Last year? Not so great. Oh, sure, a lot of things went right: We were named the best regional business magazine in the country for the third year in a row and won a passel of other awards. During the worst recession of our lives, we attracted some new clients and made a profit. But sales? If you’ve asked me in person, I’ve already told you: They were down a tad more than 20 percent—better results than at a majority of our peer publications around the country, but not nearly what we wanted. We are glad 2009 is over, and we’re sure you are, too.

Heck, we’re glad the whole decade is over. Did you see that the editors at Time called it “The Decade From Hell?”

They did. One of their writers said it was “the most dispiriting and disillusioning decade Americans have lived through in the post–World War II era.” And why not? The decade started with the 9/11 attack and ended with a financial wipeout. In between, we had anthrax letters, two wars, the near-destruction of New Orleans, the Enron and WorldCom scandals, the Bernie Madoff and Tom Petters schemes, a collapse of house prices, the bankruptcies of Kmart, Circuit City, General Motors, and Chrysler, and the eventual unemployment of 16 million Americans—including some of the people with whom I (and perhaps you) used to work.

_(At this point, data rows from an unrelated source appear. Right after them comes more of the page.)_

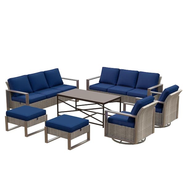 7-Piece Wicker Outdoor Patio Conversation Set with Blue Cushions and Coffee Table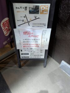 実は私【麺笑コムギの夢】さんは過去2回ほど夏場に訪問したことがありまして、店主さんが2026年1月末をもちまして閉店するということで、私事前に店主さんの野田さんとSNSで連絡して急遽仕事帰りに約6年ぶりに訪問することになりました。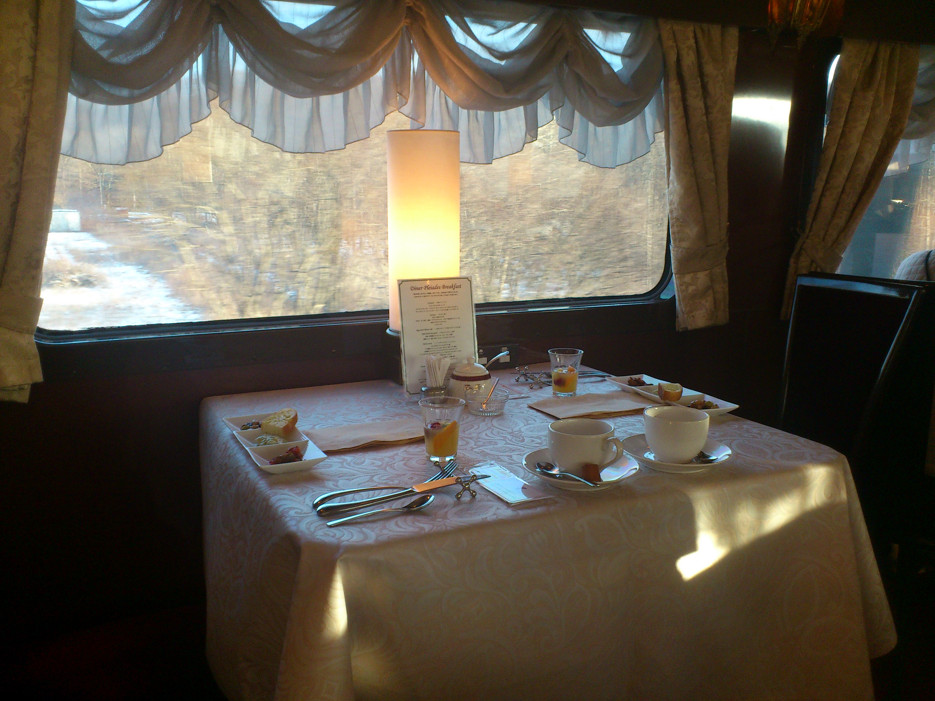 トワイライトエクスプレスな1日 茅ヶ崎営業所の榎本です。 つい先日、日本一長距離を走る寝台特急「トワイライトエクスプレス」に乗車しました。写真が中心になってしまいますが、その様子をご案内します。 トワイライトエクスプレスは、大阪~札幌間(約1500キロ)を結ぶ寝台特急。 約22時間をかけて札幌までの列車の旅となります。 しかし、この列車も3月に廃止になることが決定しているので、 おそらく最後のお別れ乗車となるという思いでの乗車でした。 大阪駅ホームに停車中。これからのんびりと札幌への旅が始まります。 大阪出発は11:50。 琵琶湖を眺めつつ・・・・。 ベッドで横になりボーっとしながら移りゆく景色を眺め・・・・。 福井あたりからは、銀世界がずーっと続きました。 ちなみに・・・日本海に沈夕日に関しては、この時期は日没が早い関係で残念ながら日本海が見える前に日が沈んでしまいます。 13:00~16:00は、食堂車「ダイナープレヤデス」ではランチタイム。 ちょっと遅めの昼食。 日本の列車では、唯一昼食をとることのできる列車。 人気のオムライスを注文しました。 ランチは予約不要ですが、営業開始時間は混雑するので、遅めに行くと空いてます。 ディナーは完全予約制なのですが、今回は予算??の都合上頼みませんでした。 なので、21:00~23:00ディナー終了後のパブタイムなら予約不要なので、こちらの時間を夕食に利用するように決めていました。 注文は「スペアリブ」。 柔らかい肉がとっても美味しかったです。少し仮眠をとりつつ・・・。その間に列車は青森まで北上。 時刻表には、載ってませんが深夜2:39分。 青函トンネルに入る時間は3:41~4:20までの間に通過しますが、正直外は真っ暗なので分かりにくかったです。 朝。正直、ほとんど寝てませんが・・・・・。 内浦湾沿いを走行中に、日の出が見れました。そして朝食。 前日までに申し込みが必要なので、混雑することは無かったです。朝食は、洋食のみ。 普段は、あわただしくとってる朝食も、今日だけは優雅にのんびり。 そしてリッチな気分を味わえました。 食事が終った頃のには、札幌までのカウントダウン。 22時間って長いようでとっても短く感じました。 新幹線や飛行機では味わえないのんびりとした移動。 景色を見ながらボーっとしてたり、好きな音楽を聞いたりしながら移動というのはとっても贅沢なんだなーと思いました。 そしてトワイライトエクスプレスに続いて北斗星の廃止も決まったらそうなので、こんなのんびりとした旅ができるのも、あと僅かなのかな~と考えてしまいました。 [2回]PR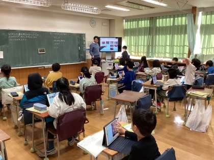 ロイロノートに自分の考えを入力し、みんなで共有していました。
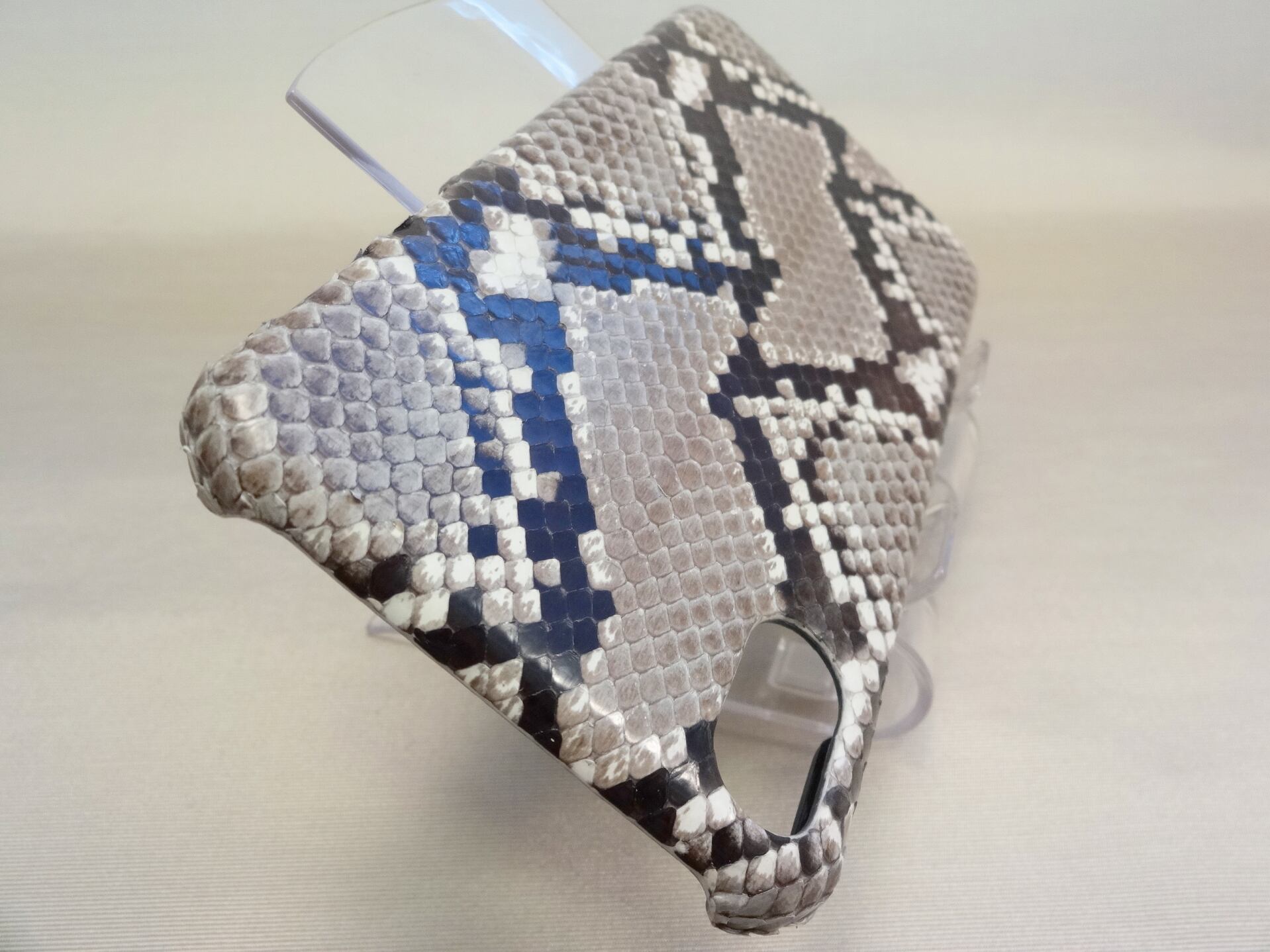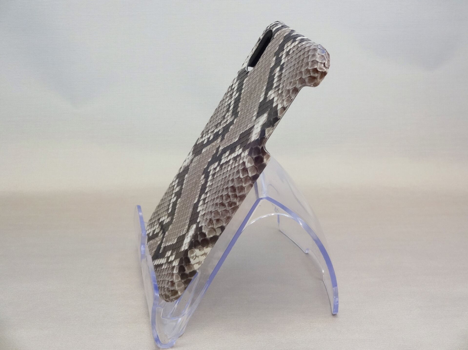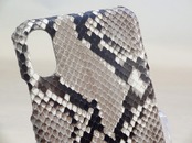 iPhoneXs Max 用のハードケースです。ヘビ革(ダイヤモンドパイソン)を貼り合わせ、上品なケースに仕上げました。革の裁断切り口とケースとの接続面に、仕上げ塗料を塗る事で、はがれにくく、滑らかな感触に仕上がっています。

You and I probably both know people who believe that taxi drivers often give out trenchant wisdom, but I have never been one of them. Yes, there are insightful people in all fields, but I have never thought it was any easier for drivers to derive insight from a series of meter-watching passengers than for teenagers to figure out a path through life by listening to songs on the radio.

Nevertheless, an emblematic moment—a short discussion that for me captured the quintessence of 2009—occurred in a New York taxi on the day after Thanksgiving. The driver, Pakistani by birth but a U.S. resident for 35 years, told me that he had been driving for four months. Before that, he had developed small homes, “but I messed up on the last three, and I am doing this because I have to survive.”